As a fan of machine learning for trading I am always on the lookout for tricks and ways to improve the performance of my algorithms. In this regard I have been playing for a while with the concept of Meta-Labeling in the hope of squeezing additional returns out of my trading models.
High level structure of a meta-labeling algorithm
By Meta-Labeling I refer to a technique introduced by Marcos Lopez de Prado in his book Advances in Financial Machine Learning to systematically address the issue of sizing the position of trades, or signals, generated by another model (the “main” one). At a high level the technique works as follow:
- Have a main model generating the signal or direction of a trade. This model can be a ML model or a discretionary one;
- Train a secondary machine learning model, the meta model, that takes the main model features (if present), its predictions and is trained to predict whether the first main model was correct or not
- Feed the main model predictions in the meta model so that you can estimate the likelihood of the main model (the signal) to be correct and use this secondary prediction to decide whether to trade or not and size the position to be taken.
The idea is very interesting and I believe has some specific fields of application but, I argue, it is not a panacea that is able to magically improve the performance of a machine learning model that has access to the same data.

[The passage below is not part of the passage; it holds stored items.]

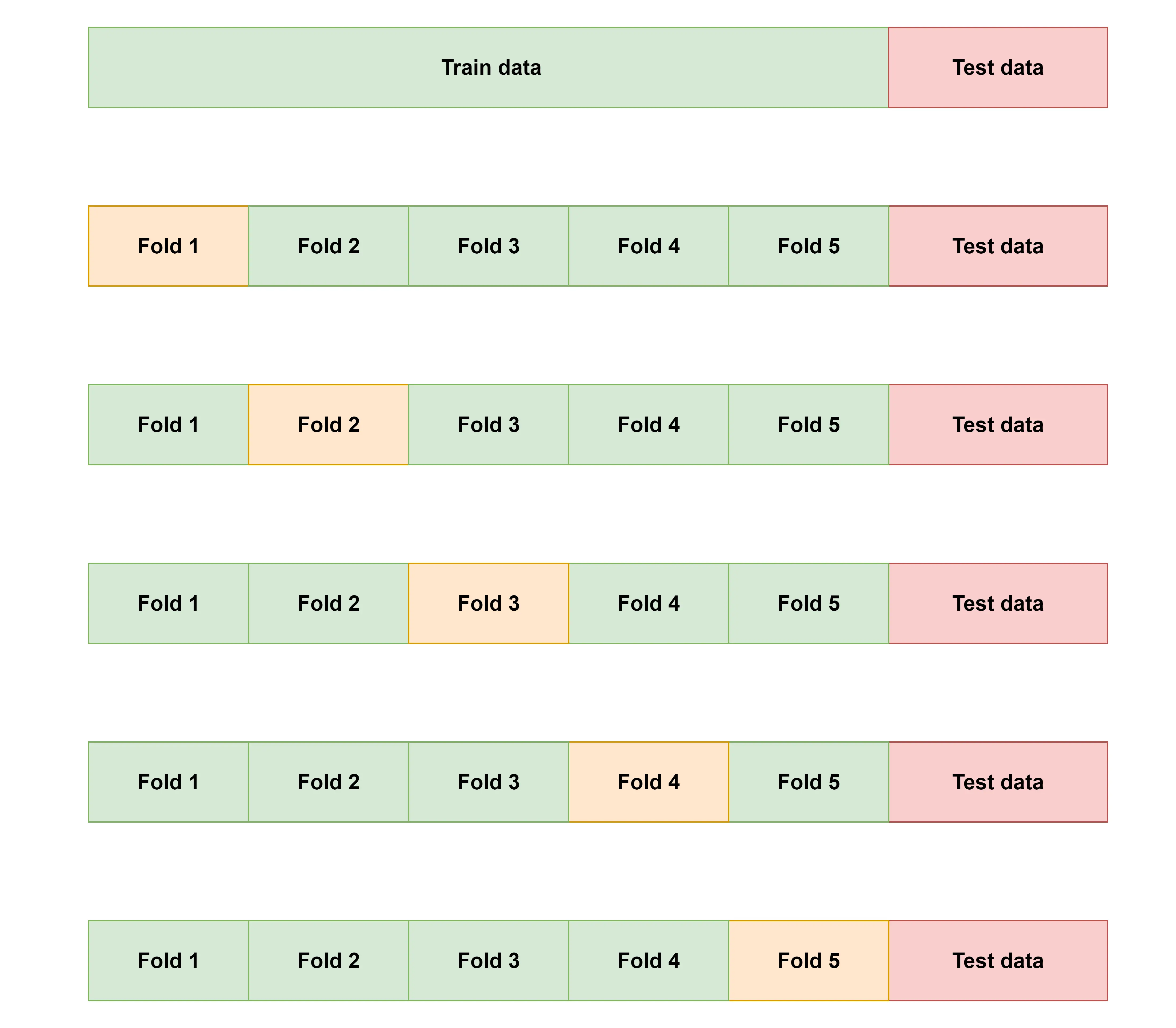 图最上面的部分表示我们拥有的数据,而后我们对数据进行了再次分割,主要是对训练集,假设将训练集分成5份(该数目被称为折数,5-fold交叉验证),每次都用其中4份来训练模型,黄色的那份用来验证4份训练出来的模型的准确率,记下准确率。然后再次在这5份中取另外4份做训练集,1份做验证集,再次得到一个模型的准确率,一共做五次(每个fold都做一次验证集)。直到所有5份都做过1次验证集,也即验证集名额循环了一圈,交叉验证的过程就结束。算得这5次准确率的均值,留下准确率最高的模型,即确定该模型的超参数,也即确定了最终模型的超参数。
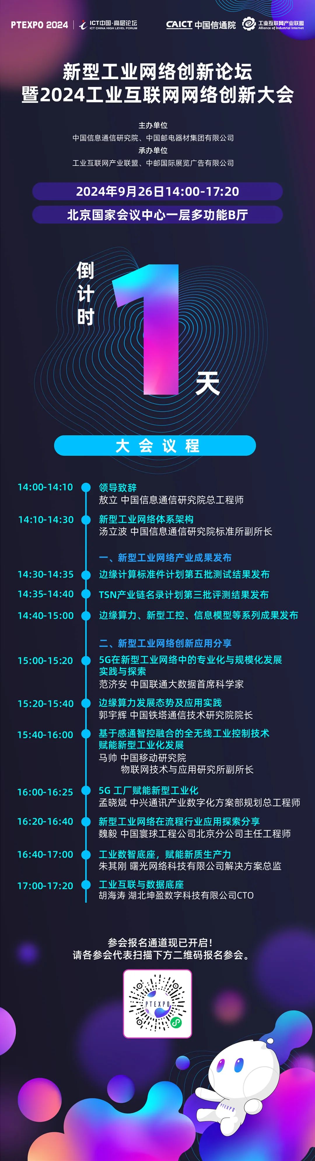 倒計時1天!新型工業網絡創新論壇暨2024工業互聯網網絡創新大會邀您參會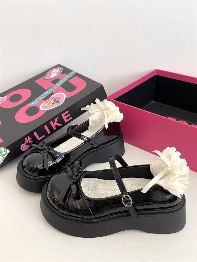 여성을 위한 세련된 리본 작은 가죽 신발 2025 새로운 가을 가볍고 다재다능한 두꺼운 밑창 높이 증가 영국 스타일 메리 제인 신발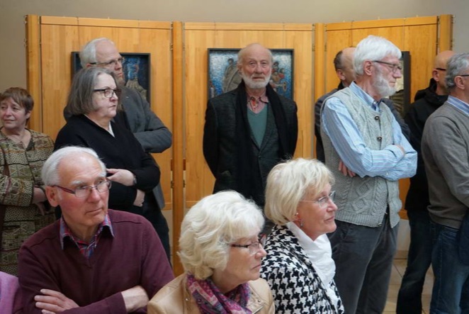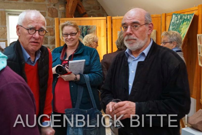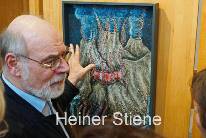 Der selber mit drei Bildern vertretene Warburger Künstler Heiner Stiene hatte als Kurator die 36 künstlerischen Arbeiten ausgewählt. Der Ausstellungsraum des Hammerhofes lässt Nähe zwischen den Kunstschaffenden und den Besuchern der Vernissage zu. So kam es nach den einführenden Worten und den Feuer in Eis verwandelnden Zaubereien von David Wedegärtner aus Paderborn zu intensivem Gedankenaustausch über die ausgestellten Werke und das Thema der Ausstellung.

For instance, in this article by Hudson & Thames (which I follow and generally like) they argue that Meta-Labeling is a general purpose technique that can improve the performance of Machine Learning models.
What I argue, according to my experience and to pure logic, is that this technique can only improve the performance of existing discretionary trading models but cannot improve the performance of a main Machine Learning model trained end-to-end on the same data.
I outline here the reasons and will also attach a simple experiment proving my point:
- To improve the performance of the main ML model the meta model should be able, somehow, to extract more information from the existing features than the main model does. There is no logical reason for which the meta model should find more information in the data than the main one;
- If cascading a meta-model after a main one was actually able to improve the overall trading performance then there is no reason to stop there; we could add a meta-meta-model trained on the meta-model predictions and continue like this ad-infinitum;
- Having a meta model correctly sizing the trades, or signals, is as difficult as having a model generating the right signals. If you imagine having a naive buy-and-hold main model, i.e. signal always equal to 1, then the burden of the performance would be completely on the meta-model which would need to decide if and how much to buy. I wish I had such a meta-model to tell me how much exposure to take in SPY!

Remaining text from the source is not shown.